Bernhard Wiesner died in March aged 62 in a motorbike accident in Mallorca, his chosen retirement refuge.
Wiesner was one of the European pension sector’s most active participants, an important promoter of cross-border pensions and a pioneer in modernising occupational pension systems.
After studying law, Wiesner joined Bosch, the German industrial multinational, in 1985 as an employment lawyer. In 1991, he went on to head the department for company benefit plans. In 2002, Bosch set up the first Pensionsfonds for a German industrial company and Wiesner became its chief executive.
He joined the board of aba, the German occupational pension association, in 2003.
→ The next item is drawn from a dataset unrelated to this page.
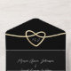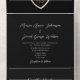 Comparte los detalles de tu boda con un estilo elegante con esta invitación a la boda todo en uno en blanco y negro. Con un romántico corazón de cuerda dorada, iniciales personalizadas, un elegante fondo negro y un escandaloso código QR para RSVP fáciles, este diseño combina la comodidad moderna con la sofisticación atemporal. Perfecto para las parejas que buscan una suite boda de diseño y sobriedad.

Apart from his roles at Bosch and aba, Wiesner also acted as an employer representative on the committee for occupational pensions of the German employer association, the BDA.
He was the first employer representative on EIOPA’s Occupational Stakeholder Group (OPSG).
On behalf of aba, chairman Heribert Karch issued a condolence note on the “tragic accident” and expressed “deepest sympathy” to Wiesner’s family.
“We are grateful to Bernhard Wiesner’s enormous commitment to the idea of occupational retirement provision,” Karch said.
In 2015, Wiesner announced his retirement after more than a quarter of a century in pensions. While he kept his responsibilities at aba initially, Karch said Wiesner was planning to step down in May this year.
Wiesner was the brains behind restructuring the pension plans at Bosch by making payouts more flexible. He described it to IPE in 2015 as “a modern, high-performance occupational concept.… that can weather future challenges”.
This is viewed as spawning what became the Betriebsrentenstärkungsgesetz, Germany’s proposed pension law, which is set to introduce a form of defined contribution provision to the country.
At the 2016 IPE Awards in Berlin, Wiesner was awarded with the Gold Award for Outstanding Industry Contribution.
One judge commented: “An impressive record and outstanding career, creating a pioneering role for the Bosch scheme in Germany and Europe.”
Wiesner was never shy to discuss his ideas. For IPE, he was an important partner in understanding German pensions, promoting new concepts and cross-border pensions.
In a post-retirement interview with IPE at the end of 2015, he said: “A lot has already been done in Germany to bring occupational pensions up to date but there is still very much to do. I am an optimist and in this role I have contributed my fair share.”
IPE expresses its deepest sympathies to Wiesner’s family, friends and colleagues.